**Stored data:**
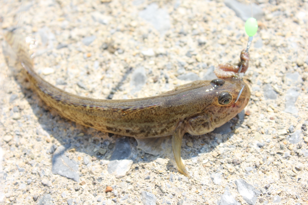 街の外れの漁港での投げ釣りで釣れたマハゼ Acanthogobius flavimanus。
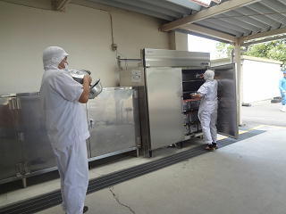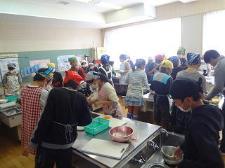 給食室の方々が時間と闘いながら、必死で準備をされていました。いつも温かい給食をありがとうございます。
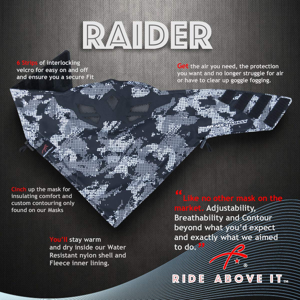 CUSTOM FIT- Innovative pull straps on the sides that cinch up the mask for a perfectly contoured fit around your face neck. 6 strips of interlocking Velcro ensure easy on and off and a secure fit. Added comfort with our contoured nose piece that will snugly keep the mask in place.
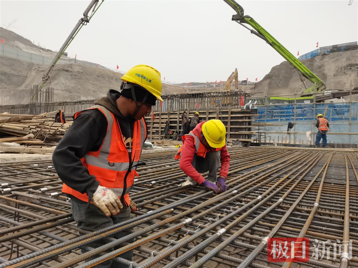 施工现场寒风呼啸,来自四川凉山31岁的钢筋工的日木呷日忙个不停。见记者靠近打招呼,他微微一笑表示,其从19岁就开始到建筑工地干活,今年打算留守项目,家里有3个女儿开销大,自己想多挣点钱补贴家用。“每天闲暇时会和家人视频聊天,在项目上有老乡,大家在工作和生活上都相互照应。”

**What you will do:**
From the first line to the last, copy the listing above exactly, dropping all images.

**Response to this exercise:**
 街の外れの漁港での投げ釣りで釣れたマハゼ Acanthogobius flavimanus。
 給食室の方々が時間と闘いながら、必死で準備をされていました。いつも温かい給食をありがとうございます。
 CUSTOM FIT- Innovative pull straps on the sides that cinch up the mask for a perfectly contoured fit around your face neck. 6 strips of interlocking Velcro ensure easy on and off and a secure fit. Added comfort with our contoured nose piece that will snugly keep the mask in place.
 施工现场寒风呼啸,来自四川凉山31岁的钢筋工的日木呷日忙个不停。见记者靠近打招呼,他微微一笑表示,其从19岁就开始到建筑工地干活,今年打算留守项目,家里有3个女儿开销大,自己想多挣点钱补贴家用。“每天闲暇时会和家人视频聊天,在项目上有老乡,大家在工作和生活上都相互照应。”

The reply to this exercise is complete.